Effluent from the capillary column was directed into a QSTAR Pulsar
1 quadrupole orthogonal time-of-flight mass spectrometer through an
IonSpray source (Applied Biosystems). Data was collected for m/z
500 to 2500 beginning at 5 min and ending at 55 min. The delay in
start time was programmed because, with a flow rate of 5 .mu.L/min,
it takes over 5 min for sample to get from the guard column to the
mass spectrometer, and thus no useful data can be obtained before 5
min. Data collection, processing and preliminary formatting are
accomplished using the Analyst QS.RTM. software package with
BioAnalyst add-ons (Applied Biosystems).
[0053] Mass spectra were obtained every 1 sec throughout the entire
cLC elution period for each specimen from 5 minutes to 55 minutes.
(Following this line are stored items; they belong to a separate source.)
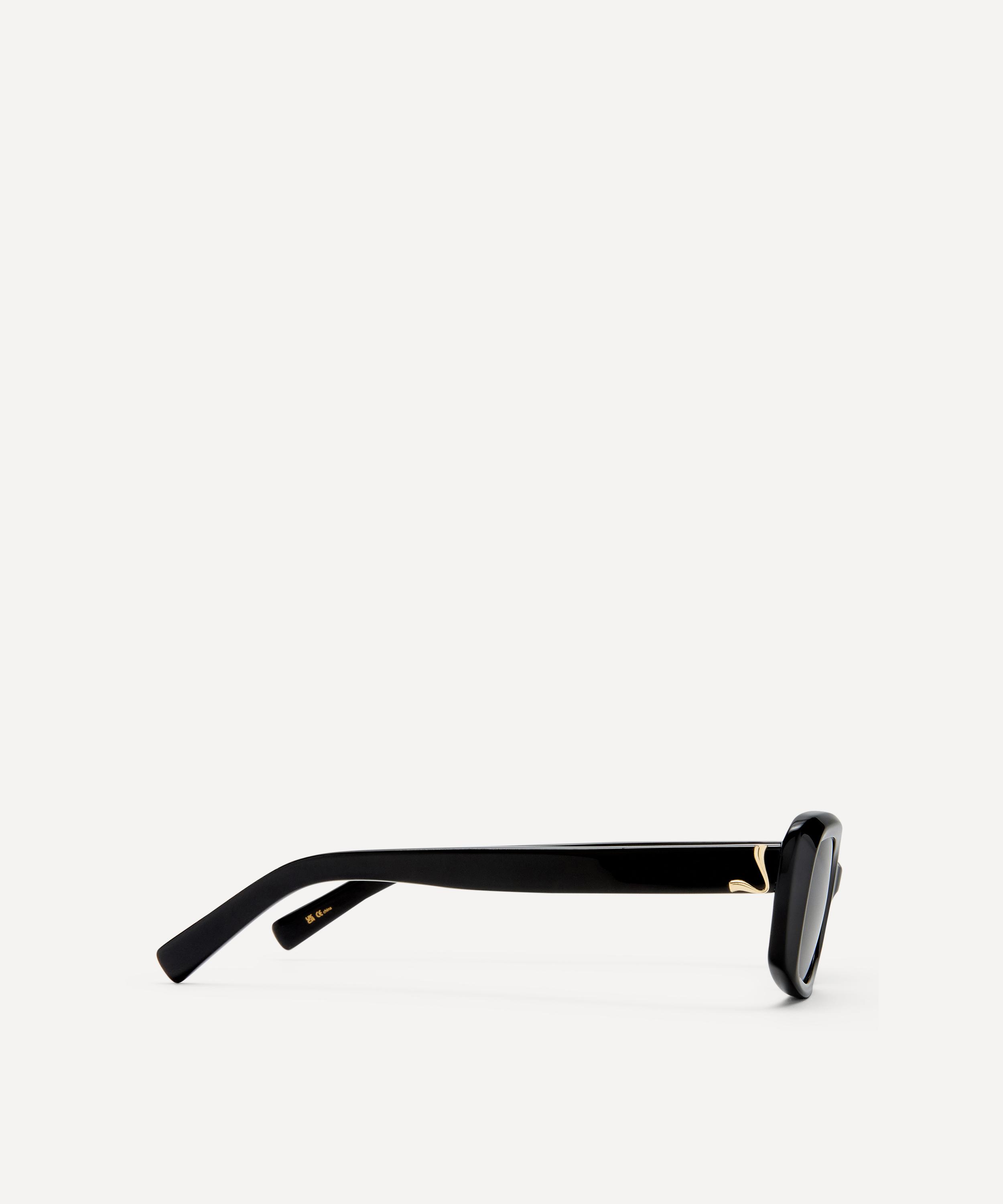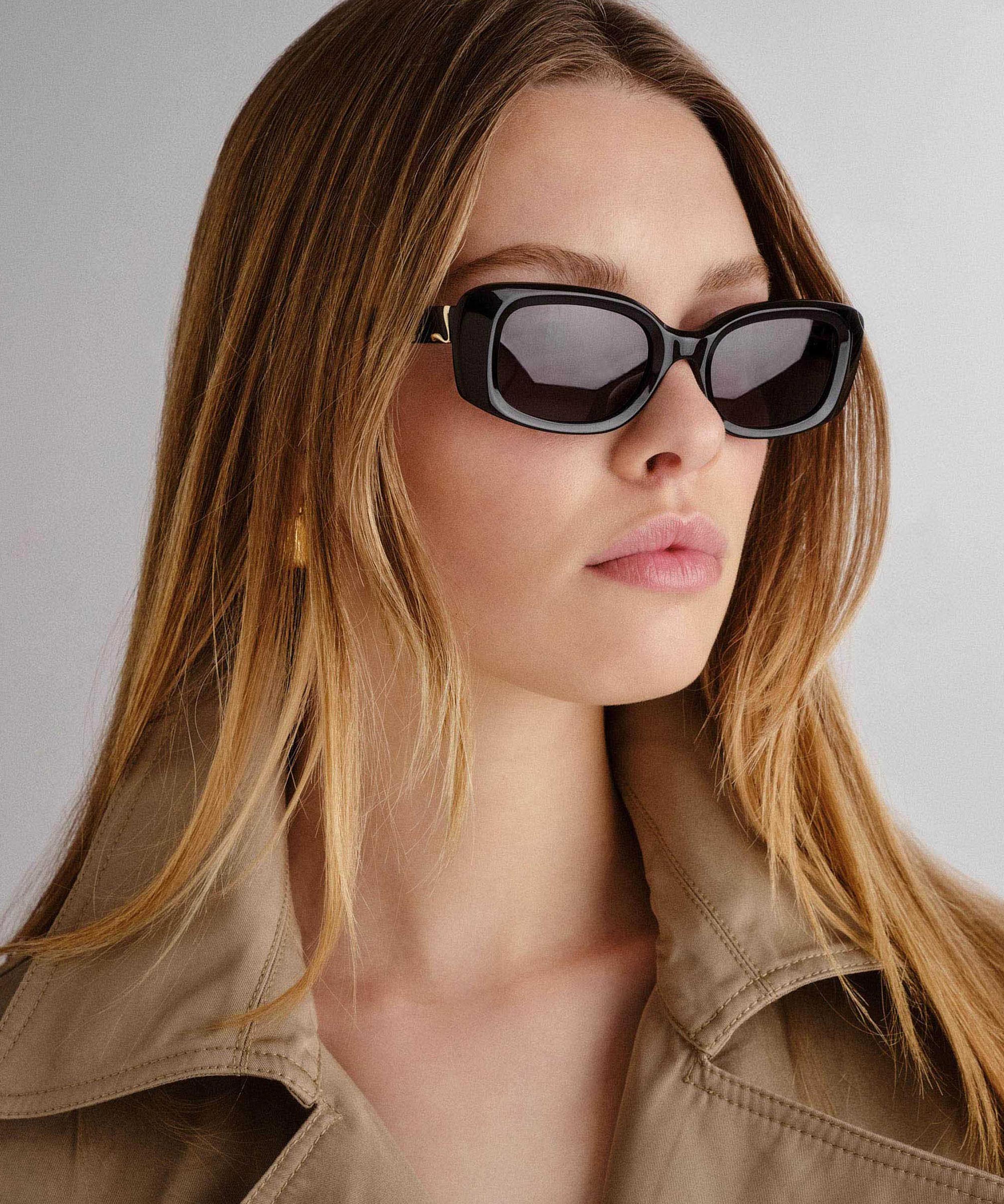 Crafted for the discerning eye, these sunglasses polish everyday looks with their sculptural silhouette and flawless finish. The classic rectangular frame in black acetate, meticulously engineered for comfort and durability, is paired with bevelled detailing, the brand’s signature ‘L’ logo and polarised lenses in smoke mono, offering UV protection and optical clarity. Poised to create an air of intrigue, this is eyewear for those who value quiet confidence and effortless style, designed to transcend seasons and trends.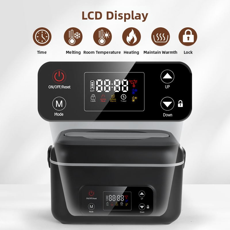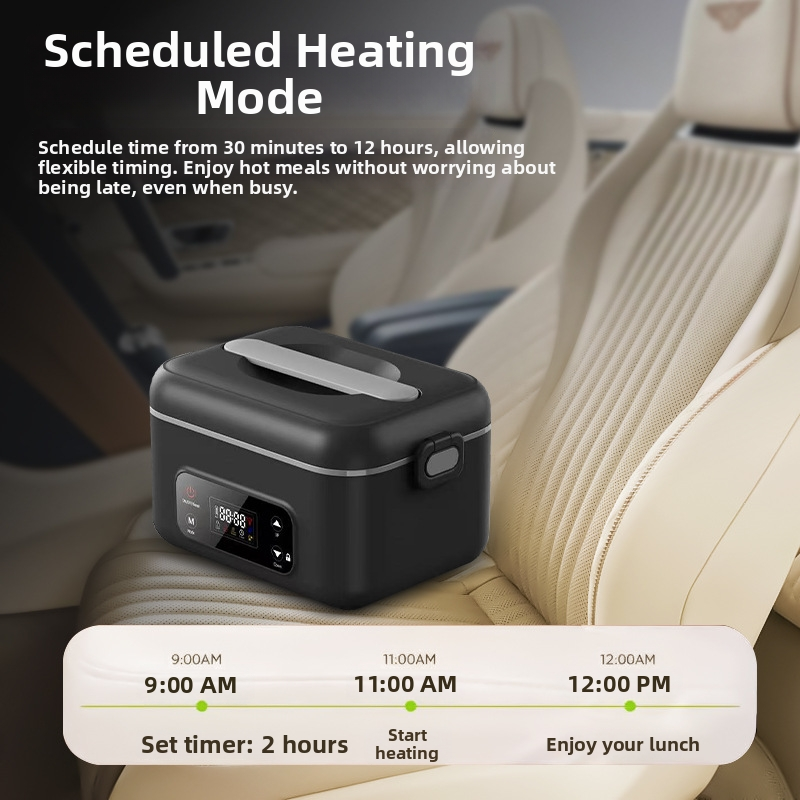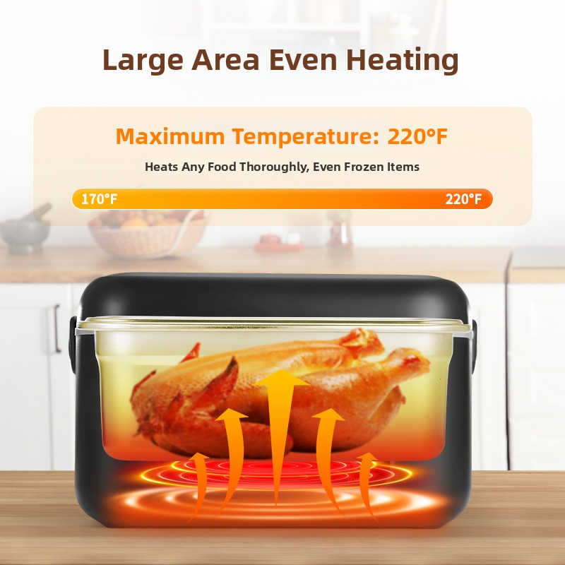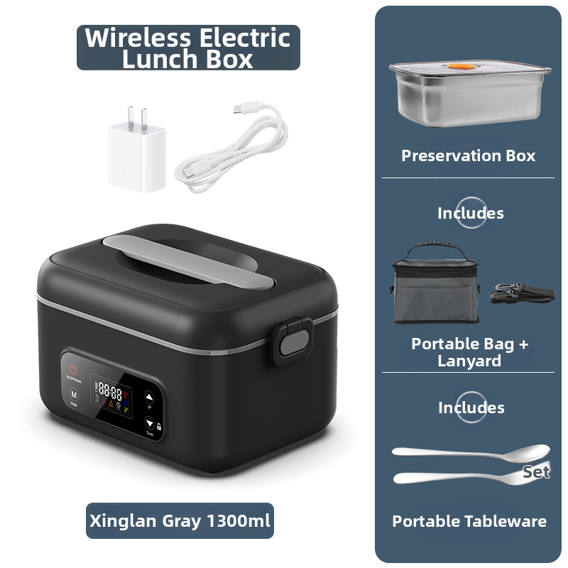 Boîte à lunch chauffante électrique portable de 1,3 L, alimentée par batterie rechargeable, chauffe-aliments en acier inoxydable, bol à riz anti-fuite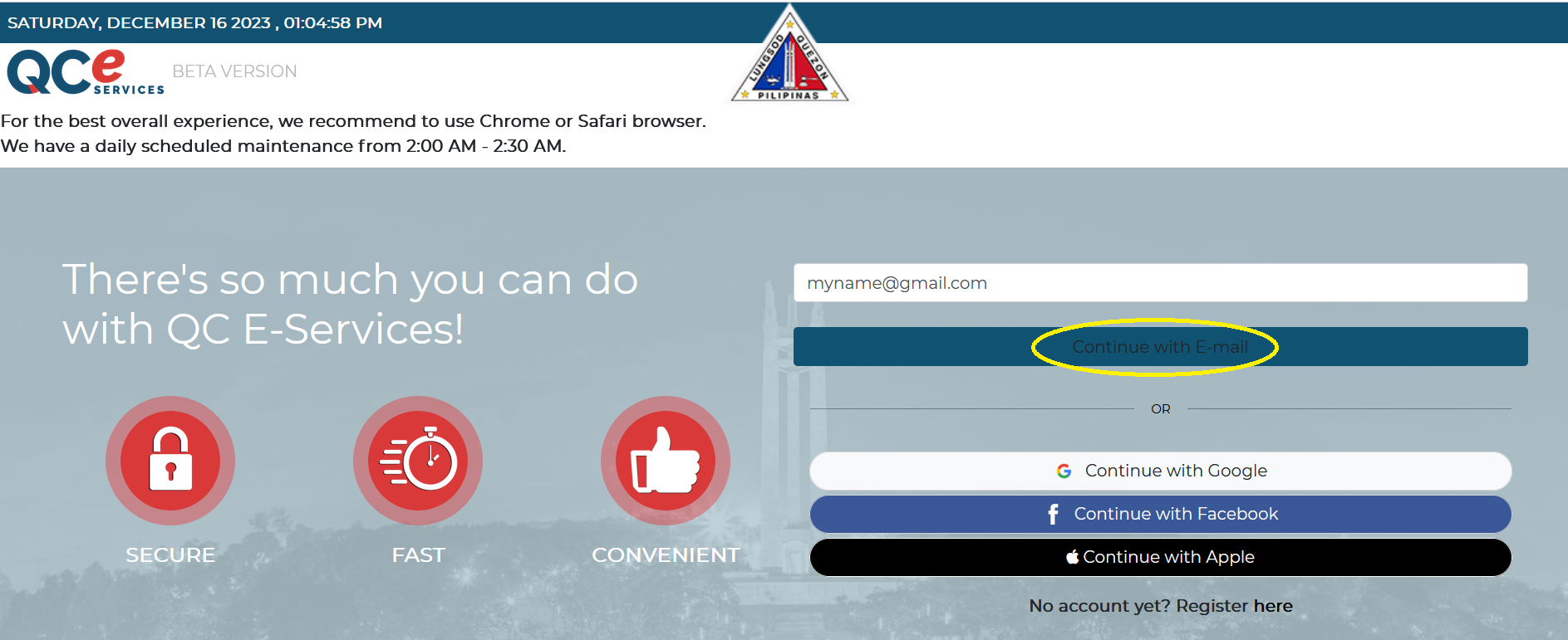 1. Register or Log-in to QC eServices: Access the platform through https://quezoncity.gov.ph/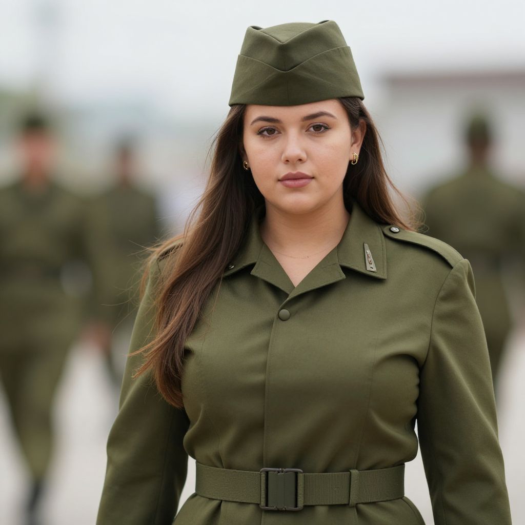 Photograph of a confident woman with long brown hair, olive-green military uniform, and matching hat, standing in a blurred outdoor background with other soldiers.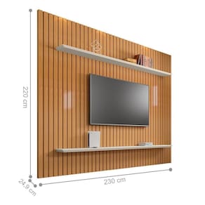 Feito em MDF, com detalhes ripados. Comporta TVs de até 60 Polegadas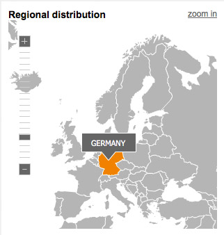 4SELLERS Mailmanagement System generated based on the IP addresses of subscribers an overview of the 'local distribution'. If openings were counted in one country, this will be color coded. By clicking on the country a magnified view appears and cities become visible as points. The larger the dots, the more Openings were counted in this city. Move the cursor over an item, you see the Openings to the location. The data relate to the unique Openings (unique).
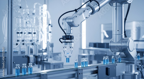 Modern future concept technology. Modern clean room laboratory with robotic arm dispensing liquid into vials, concept of automation and scientific research

The elution profile of the cLC fractionated protein depleted serum
of each subject, reported as the total ion chromatogram, was
inspected to insure that it was consistent with previously run
human sera. Specimens having an overall abundance less than 50% of
normal or greater than 200% normal or lacking the characteristic
series of three broad ion intense regions were rerun or omitted if
there was inadequate specimen to redo the analysis.
Peak Alignment
[0054] Because samples run on different days and columns can vary
in elution time, 10 endogenous molecular species of average
abundance that elute at approximately 2 minute intervals throughout
the useful chromatogram (useful chromatogram approximately 15
minutes to 35 minutes) were determined. Two-minute windows were
established over the elution region of interest to allow file size
to remain manageable. The Extract Ion Chromatogram (XIC) function
of the MS computer is used to visualize the elution of the desired
m/z ranges for each elution time marker. Each of the alignment
peak's elution time is then determined for each specimen run and in
turn used as the center of a 2 min window by means of the Set
Selection function. This aligns all runs to the same midpoint for
that window. Then the Show Spectra function can be used to create a
single averaged mass spectrum from all the mass spectra.
Data Analysis
[0055] Analyst.RTM., the software program supporting the Q-Star
(q-TOF) mass spectrometer, allows for compilation of 16 individual
liquid chromatographic runs and the comparison of mass spectra
within those runs at similar elution times. Ten two-minute windows
were established as described above over the 20 minute period of
useful elution to allow data file size to remain manageable. The
two minute windows were aligned as is also described above. Of the
10 two minute elution intervals, the first to be analyzed was the
second two-minute window, chosen because there were typically more
peptide species present. Peptides were identified by the
characteristic appearance of their multiply charged states which
appear as a well defined cluster of peaks having a Gaussian shape
with the individual peaks being separated by less than 1
mass/charge unit rather than a single peak or peaks separated by 1
mass/charge unit. Groups comprising 8 subjects from preeclamptic
cases and 8 subjects from controls were color coded and overlaid.
The data was then visually inspected and molecular species that
seemed to be dominated by one color were recorded. The software
used was limited to visualizing the mass spectra only 16 samples.
For a sampling size larger than 16, multiple comparisons of data
sets were made. For a compound to be considered further, the same
apparent difference between the two groups was needed to be
observed in at least two thirds of the data sets.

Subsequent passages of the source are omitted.